Business investment was also lamentable, as company bosses kept their hands in their pockets and lapped up the tax break.
Surely now that the tax move is occurring in the opposite direction, it might be reasonable to expect those companies which are making good profits not to make their staff or potential employees foot the bill for the rise in national insurance contributions. Especially so given workers did not share in the bonanza when companies were benefiting from those Tory cuts in corporation tax in the wake of the global financial crisis at a time when the population as a whole was being laid low by the Conservatives' austerity.

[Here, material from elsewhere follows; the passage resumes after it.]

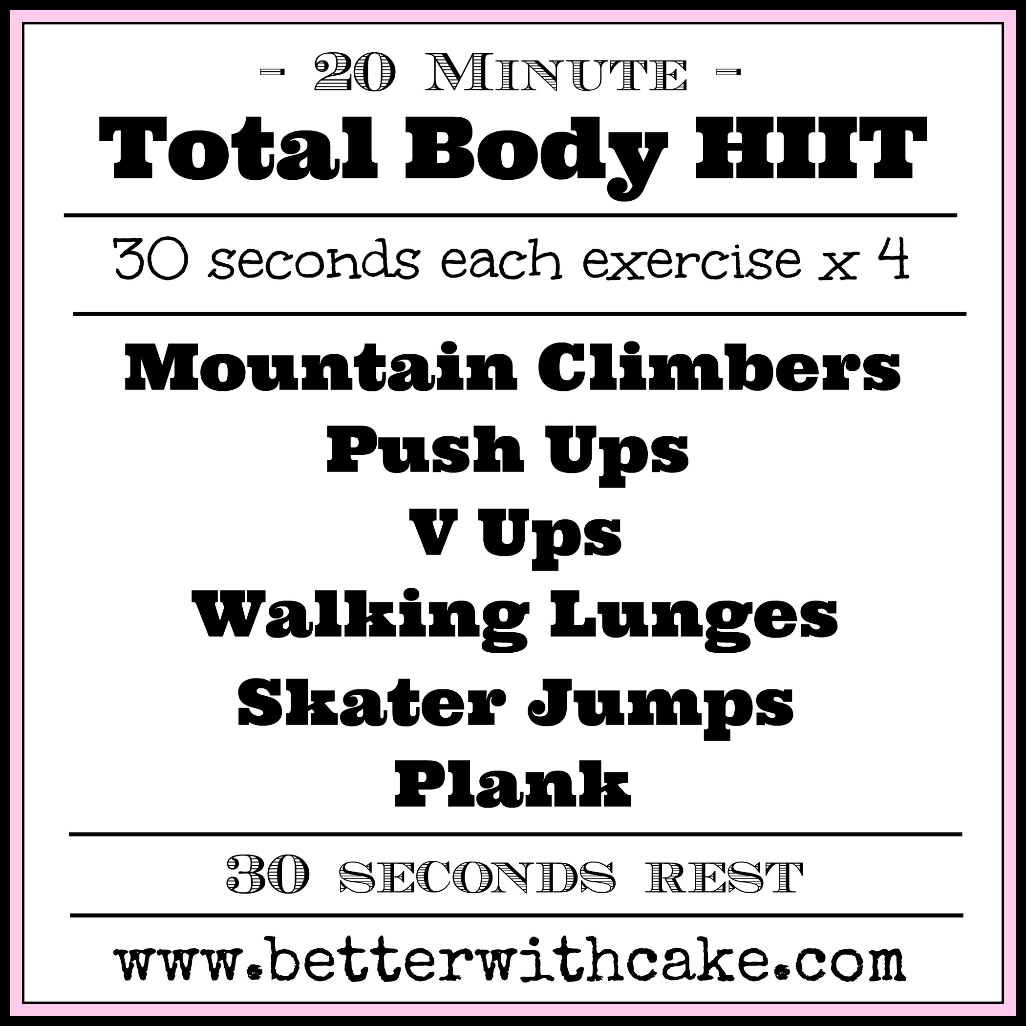 We will do each exercise for 30 seconds before moving on to the next then we will take a 30 seconds to rest before we repeat the entire sequence through for a total of 4 rounds, or as many rounds a pretty in 20 minutes.

Clearly, passing the increased costs arising from the national insurance hike on to customers is more palatable than companies taking it out on their employees. However, here again, companies should consider whether they need to do this, and indeed whether it is in the long-term interests of the business.
The same applies in the context of restricting employee remuneration or cutting workforces to a point where remaining staff are over-burdened.
In sectors where there is plenty of staff mobility, companies should remember that employees can vote with their feet.
Also, from an economic standpoint, it is lamentable if companies which could afford to do otherwise look to employees' pockets to pay for the rise in national insurance contributions.
Household finances are under enough pressure without employees bearing this burden.
These are the people who spend their money on the goods and services offered by companies. This is something which on occasion seems to be forgotten by those business leaders with magpie-like eyes on the bottom line, who often take too much of a short-term view and squeeze out too much profit to the long-term detriment of the enterprise.